Innovation: The Great Potential Of Electronic Textiles Made From New Cellulose Fibers

Electronic textiles provide revolutionary new opportunities in various fields, especially in the field of health care. But for sustainable development, they have to be made of renewable materials. A team led by Chalmers Polytechnic University in Sweden now shows a thread made of conductive cellulose, which offers fascinating and practical possibilities for electronic textiles.

"Micro, wearable electronics are becoming more and more common in our daily lives. At present, however, they usually rely on rare or, in some cases, toxic materials. They also lead to the accumulation of large amounts of electronic waste. "There's a real need for organic, renewable materials for electronic textiles," said sozan darabi, a doctoral student in the Department of chemistry and chemical engineering at Chalmers Polytechnic University and the Wallenberg Wood Science Center and lead author of the science. Recently published on ASC Applied Materials & interfaces.

Sozan darabi has been working with the same team of researchers, Anja Lund, on conducting fibers for electronic textiles for several years. The previous focus was on silk, but these discoveries are now further discovered through the use of cellulose.

The results presented by the researchers now show that cellulose thread has great potential as a material for electronic textiles and can be used in a variety of ways.

Researchers have now sewed conductive cellulose threads into fabrics using standard household sewing machines, and have successfully produced a thermoelectric textile that generates a small amount of electricity when one side is heated, for example, by the heat of the human body. At a temperature difference of 37 ℃, textiles can generate about 0.2 MW of electrical energy.

"This cellulose thread could lead to garments with built-in electronic, intelligent features made from non-toxic, renewable and natural materials," sozan darabi said

The production process of cellulose line was developed by coauthors at the University of Alto, Finland.
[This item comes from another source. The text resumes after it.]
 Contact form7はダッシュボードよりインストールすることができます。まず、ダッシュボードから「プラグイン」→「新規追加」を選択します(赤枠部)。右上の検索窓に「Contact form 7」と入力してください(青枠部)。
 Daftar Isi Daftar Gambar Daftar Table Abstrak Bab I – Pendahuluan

In the subsequent process, Chalmers researchers made the wires conductive by dyeing them with conductive polymer materials. The researchers' measurements show that the dyeing process gives cellulose filaments a record high conductivity - which can be further improved by adding silver nanowires. In the test, the conductivity was maintained after several cleaning.

Electronic textiles can improve our lives in many ways. An important area is health care, in which functions such as regulating, monitoring and measuring various health indicators may benefit greatly.
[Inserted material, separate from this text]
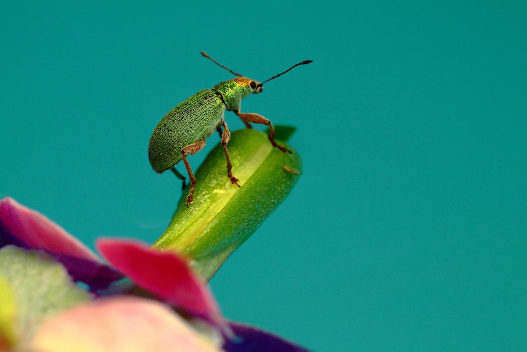 Lo sfondo è naturale visto che avevo messo l'insetto ed i fiori in una insalatiera piena d'acqua!

In the broader textile industry, the transition to sustainable raw materials has always been a critical issue, and natural materials and fibers have become increasingly common alternatives to synthetic fibers. Conductive cellulose wires can also play an important role here, the researchers said.

"Cellulose is a wonderful material that can be extracted and recycled sustainably, and we will see more and more cellulose in the future. What's more, when the product is made of homogeneous materials or as few materials as possible, the recycling process will become easier, and Christian Muller, a professor of chemical and chemical engineering at Chalmers Polytechnic University, who led the research on the technology, said: "this is another view that cellulose thread is very promising for the development of electronic textiles."

The Chalmers team worked with colleagues in Sweden, Finland and South Korea at the Wallenberg Wood Science Center, the National Research Center.

Both sozan darabi and Christian m ü ller agree that the research is not limited to the latest scientific publications. Sozan darabi has grown from a student to an expert in the field of conductive fiber materials, which Christian m ü ller believes is very beneficial and provides a powerful force for their research team.

Through the Wallenberg Wood Science Center, the Swedish National Research Center, a team from the Royal Institute of Technology (KTH) in Stockholm was also involved in the research and publication of the study. Kth researchers focus on the electrochemical aspects of fibers. Together with kth's team, the Chalmers team is planning ways to take these ideas to new heights.